== ACTIVITY ==
The answer must consist solely of the lines below starting at the one containing "④ クリーンハイキングスタイル (カッチョイイ)" and ending at the one containing "Remyvest begin 20ste eeuw – Leuven Weleer", repeated exactly, with both ends included and all pictures omitted.

(Recorded data)
##############################

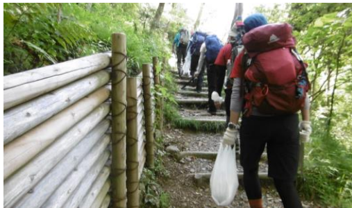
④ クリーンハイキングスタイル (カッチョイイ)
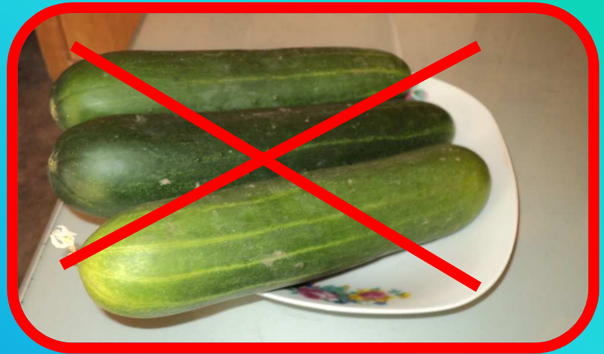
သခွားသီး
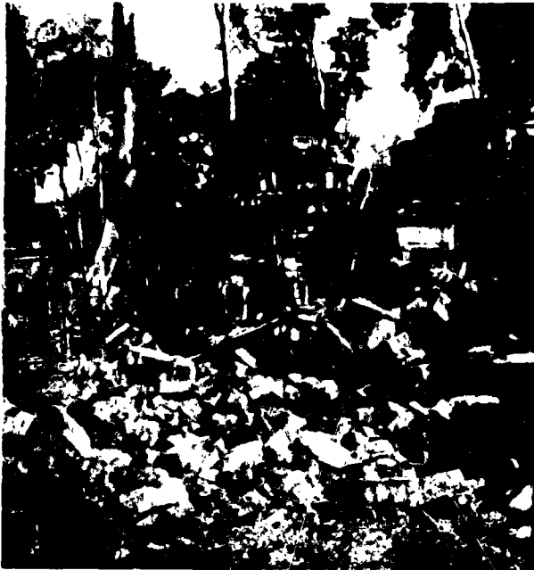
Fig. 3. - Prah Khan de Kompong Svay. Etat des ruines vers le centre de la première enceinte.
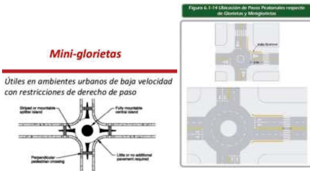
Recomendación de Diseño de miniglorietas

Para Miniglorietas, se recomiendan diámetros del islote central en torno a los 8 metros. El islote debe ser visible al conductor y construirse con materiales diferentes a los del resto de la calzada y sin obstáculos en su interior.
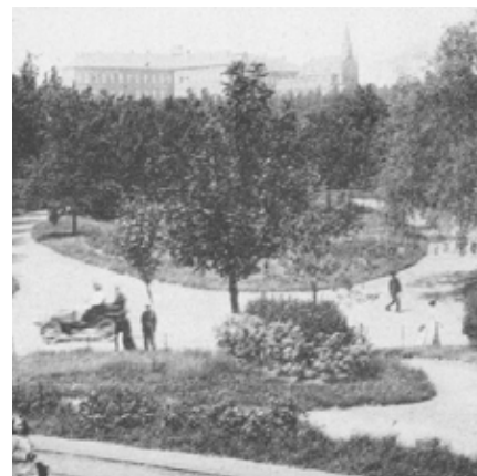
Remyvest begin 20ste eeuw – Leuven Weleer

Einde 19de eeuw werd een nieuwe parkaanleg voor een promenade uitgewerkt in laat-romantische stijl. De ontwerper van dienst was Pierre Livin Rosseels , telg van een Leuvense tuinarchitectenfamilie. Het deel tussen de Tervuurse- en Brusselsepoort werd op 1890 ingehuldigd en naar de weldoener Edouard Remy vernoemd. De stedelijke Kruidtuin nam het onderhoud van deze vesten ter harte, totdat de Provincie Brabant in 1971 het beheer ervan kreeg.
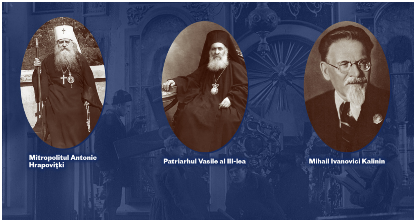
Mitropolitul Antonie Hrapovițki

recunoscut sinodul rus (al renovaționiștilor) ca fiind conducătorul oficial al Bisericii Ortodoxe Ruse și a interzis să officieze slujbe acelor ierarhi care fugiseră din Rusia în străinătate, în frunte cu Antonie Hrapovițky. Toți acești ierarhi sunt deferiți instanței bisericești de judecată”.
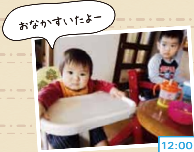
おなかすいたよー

##############################

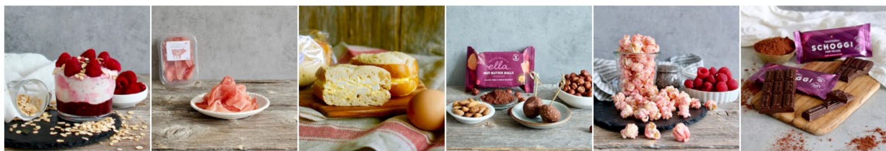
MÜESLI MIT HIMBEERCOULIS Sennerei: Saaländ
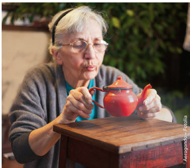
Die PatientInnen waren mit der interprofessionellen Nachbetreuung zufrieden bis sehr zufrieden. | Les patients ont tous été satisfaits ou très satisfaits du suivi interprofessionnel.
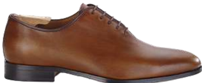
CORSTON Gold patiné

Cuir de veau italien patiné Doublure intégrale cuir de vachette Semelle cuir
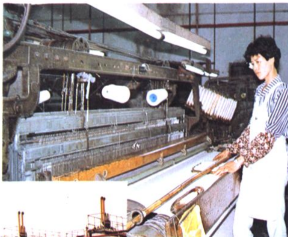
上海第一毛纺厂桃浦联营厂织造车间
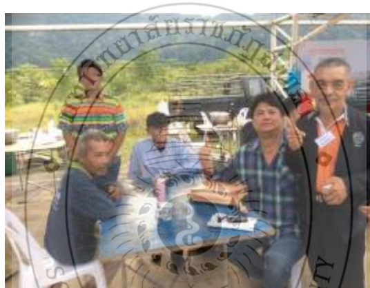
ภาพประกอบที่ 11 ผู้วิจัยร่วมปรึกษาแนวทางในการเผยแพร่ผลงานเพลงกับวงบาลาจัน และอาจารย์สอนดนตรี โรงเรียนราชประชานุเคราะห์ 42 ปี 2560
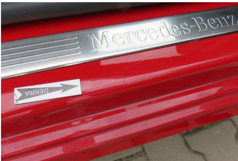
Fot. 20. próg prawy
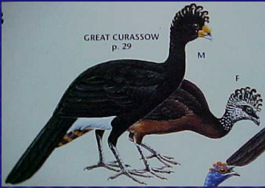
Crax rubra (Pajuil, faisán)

##############################

== SOLUTION FOR THIS TASK ==
④ クリーンハイキングスタイル (カッチョイイ)
သခွားသီး
Fig. 3. - Prah Khan de Kompong Svay. Etat des ruines vers le centre de la première enceinte.
Recomendación de Diseño de miniglorietas

Para Miniglorietas, se recomiendan diámetros del islote central en torno a los 8 metros. El islote debe ser visible al conductor y construirse con materiales diferentes a los del resto de la calzada y sin obstáculos en su interior.
Remyvest begin 20ste eeuw – Leuven Weleer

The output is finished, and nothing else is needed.